Vulnerability, consequences, responses. The dynamic is now lodged in my mind, and I see it all over the place as I walk on home.

In environmental and political vulnerabilities, for example, here at Spyglass Place Dock, where blue bands circle Cambie Bridge pilings and a quiet black tribute pillar stands at water’s edge.

The top blue tier in this 2012 art installation, A False Creek, is 5 metres above current sea levels — which is mid-way between the 4 to 6 metre rise that, it is predicted, could be triggered by climate change. The pillar honours Husain Rahim (1865-1937). He was an activist at the time of the 1914 SS Komagata Maru incident that barred a boatload of South Asian passengers from disembarking, and one of the first South Asians to challenge the disenfranchisement then taking place. While the ferry dock is still Spyglass Place, I learn that this space is now called Husain Rahim Plaza.

I’m about to walk on — and discover that I can’t.

Due to “the deteriorating condition of the structure supporting the seawall,” the path has been closed between the Cambie Bridge, right here, and Hinge Park to the east. Detour along West 1st, we are told, while authorities address this weakness.

Heading for 1st Avenue, I walk under the bridge, where I stop long enough to read this extraordinary beer-themed love letter chalked onto one of the pillars.

The message is fresh and wonderful, but street art by definition is ephemeral. Vulnerable. Just look above the top line for proof — the “Simply Jay” message has been effaced.
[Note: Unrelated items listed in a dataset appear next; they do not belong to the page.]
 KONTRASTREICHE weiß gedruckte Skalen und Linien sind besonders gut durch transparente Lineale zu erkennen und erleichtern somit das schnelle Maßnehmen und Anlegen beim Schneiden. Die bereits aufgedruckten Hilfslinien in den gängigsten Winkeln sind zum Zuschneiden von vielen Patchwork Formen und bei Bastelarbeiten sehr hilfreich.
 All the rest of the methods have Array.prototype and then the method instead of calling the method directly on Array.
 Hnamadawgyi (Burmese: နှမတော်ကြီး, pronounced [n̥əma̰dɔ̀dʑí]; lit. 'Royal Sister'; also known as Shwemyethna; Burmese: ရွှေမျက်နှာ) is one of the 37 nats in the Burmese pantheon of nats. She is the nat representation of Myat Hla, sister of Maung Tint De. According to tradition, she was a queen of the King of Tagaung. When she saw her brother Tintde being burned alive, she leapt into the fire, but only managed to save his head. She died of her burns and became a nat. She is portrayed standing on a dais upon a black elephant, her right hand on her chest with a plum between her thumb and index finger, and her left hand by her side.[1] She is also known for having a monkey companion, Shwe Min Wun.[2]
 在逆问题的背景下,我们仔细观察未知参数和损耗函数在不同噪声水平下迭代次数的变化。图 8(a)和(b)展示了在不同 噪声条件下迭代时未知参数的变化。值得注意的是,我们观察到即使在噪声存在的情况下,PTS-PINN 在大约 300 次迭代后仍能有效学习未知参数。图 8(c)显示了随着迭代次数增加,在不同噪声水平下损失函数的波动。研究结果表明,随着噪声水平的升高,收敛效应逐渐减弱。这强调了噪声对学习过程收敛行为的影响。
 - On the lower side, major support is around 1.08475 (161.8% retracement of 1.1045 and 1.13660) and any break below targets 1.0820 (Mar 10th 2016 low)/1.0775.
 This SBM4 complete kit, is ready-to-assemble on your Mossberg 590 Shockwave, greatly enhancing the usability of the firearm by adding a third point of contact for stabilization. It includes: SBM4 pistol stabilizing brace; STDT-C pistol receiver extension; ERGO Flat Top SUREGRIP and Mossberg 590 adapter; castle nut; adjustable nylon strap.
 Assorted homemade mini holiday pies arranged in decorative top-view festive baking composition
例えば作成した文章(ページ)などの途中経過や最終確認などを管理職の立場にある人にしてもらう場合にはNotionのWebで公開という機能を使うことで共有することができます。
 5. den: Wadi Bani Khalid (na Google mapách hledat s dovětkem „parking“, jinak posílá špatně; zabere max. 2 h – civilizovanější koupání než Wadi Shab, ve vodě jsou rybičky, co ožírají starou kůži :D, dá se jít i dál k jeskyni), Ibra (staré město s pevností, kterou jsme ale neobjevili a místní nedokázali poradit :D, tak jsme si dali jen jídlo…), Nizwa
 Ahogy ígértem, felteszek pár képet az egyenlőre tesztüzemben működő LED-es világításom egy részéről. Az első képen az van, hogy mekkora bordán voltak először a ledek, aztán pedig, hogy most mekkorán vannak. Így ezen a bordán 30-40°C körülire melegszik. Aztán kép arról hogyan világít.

Eastward on West 1st Avenue now, and more vulnerability call-and-response.

The building in the foreground is one of the City’s Temporary Modular Housing facilities, created in response to what the City itself calls a crisis situation: “over 2,000 people are experiencing homelessness.” The rusty building farther along is an old, disused workshop from the area’s industrial past. It will surely fall down, or be knocked down, sometime soon.
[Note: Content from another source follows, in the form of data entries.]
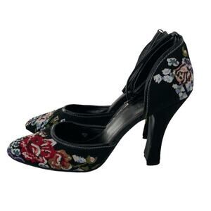 Highlights Shoes Size 9.5 Floral Embroidered Pointed Toe Ankle Strap Heels
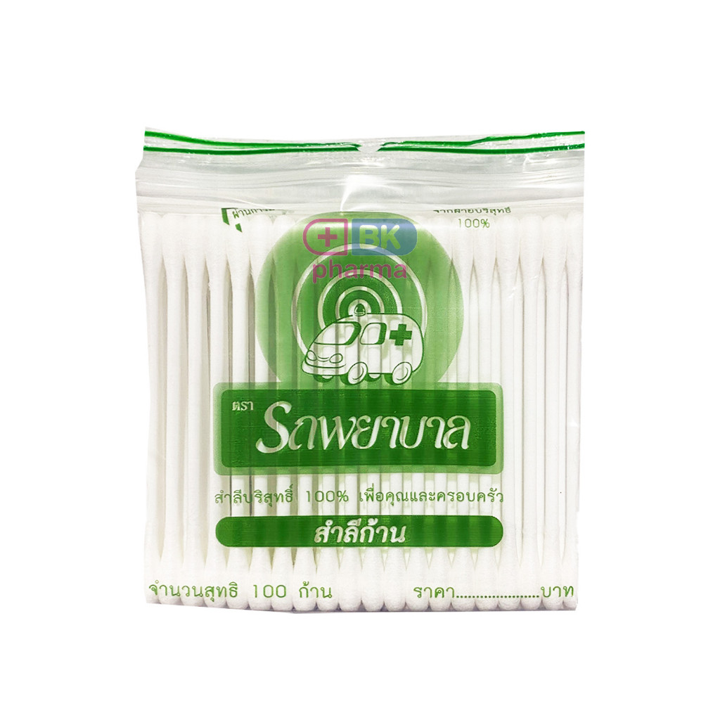 สำลีก้าน คอตตอนบัด cotton buds ขนาดมาตรฐาน - ขนาดเล็ก สำหรับเด็ก ตรารถพยาบาล 100 ก้าน 1 ห่อ
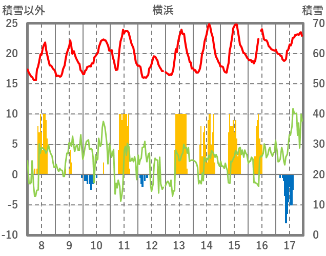 | 日 | 時 | 気温 | 降水 | 風向/風速 | 日照 | 積雪 | 降雪 |
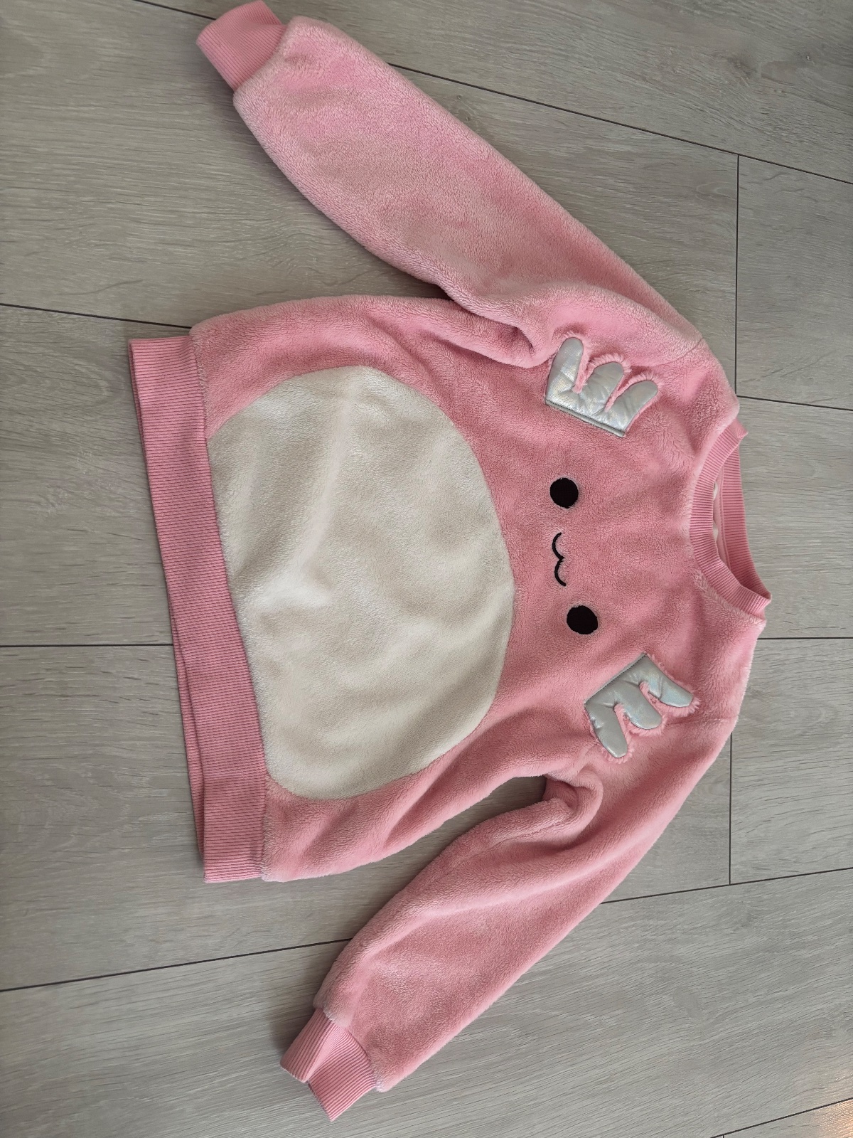 Velkost uvedena 110-116, nosena, mala dierka na chrbte. Sirka 35, dlzka 41 vrpedu 47 vzadu, rukav od krku 50

Lying between those two buildings, and in behind the housing as well: an urban farm.

Sole Food Street Farms, founded in 2009, is now one of North America’s largest urban farms. This location trains & employs people from the Vancouver Downtown East Side, who grow the produce that is then sold & given away.

At Hinge Park, I can drop back to the waterfront. The railway tracks and buffers here at the south edge honour the past; the park itself is part of the pre-2010 Winter Olympics response to what had become a derelict and polluted wasteland.
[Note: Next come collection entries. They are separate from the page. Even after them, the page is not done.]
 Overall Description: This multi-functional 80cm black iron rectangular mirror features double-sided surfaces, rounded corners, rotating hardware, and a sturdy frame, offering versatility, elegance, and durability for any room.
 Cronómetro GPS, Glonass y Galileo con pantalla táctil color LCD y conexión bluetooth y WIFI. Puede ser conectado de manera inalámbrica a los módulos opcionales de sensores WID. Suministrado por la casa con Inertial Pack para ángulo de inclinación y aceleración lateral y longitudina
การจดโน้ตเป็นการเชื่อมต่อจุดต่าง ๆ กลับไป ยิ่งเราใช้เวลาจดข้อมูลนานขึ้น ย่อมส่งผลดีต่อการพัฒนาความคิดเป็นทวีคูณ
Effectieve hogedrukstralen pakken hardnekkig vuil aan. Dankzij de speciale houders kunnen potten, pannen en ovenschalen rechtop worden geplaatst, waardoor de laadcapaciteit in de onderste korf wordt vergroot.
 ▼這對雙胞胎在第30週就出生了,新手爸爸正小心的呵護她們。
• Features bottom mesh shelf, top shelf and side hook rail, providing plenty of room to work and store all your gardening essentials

Even my classy latte in an Olympic Village Square café reminds me of vulnerability! I have left it to sit just a little too long, and, look, the frothy design is beginning to deflate. (The taste, I promise you, is unaffected.)

Back outside, I admire The Birds (Myfanwy MacLeod, 2010), gleaming in the sunshine.

The gleam is thanks to their fairly recent repatination; the repatination was the response to the vulnerability of their surface to all those climbing feet. Signage now politely reminds people that these sculptures are art, not a climbing wall, and asks us to keep our feet on the ground.

Heading south on Ontario Street, I detour half a block west into an alley, for a closer look at a face.

This face.

L’il Top is the signature, and if this bit of street art is vulnerable to time and the elements, so are those H-frame hydro poles. I, and countless Vancouver artists, love the look of them, but they are seriously outmoded, and systematically being replaced.

Back onto Ontario, farther south to West 6th, and my vulnerability theme now presents itself in a real-estate trio. The first thing I notice is that wavy reflection in the windows of the blocky new-build on the corner.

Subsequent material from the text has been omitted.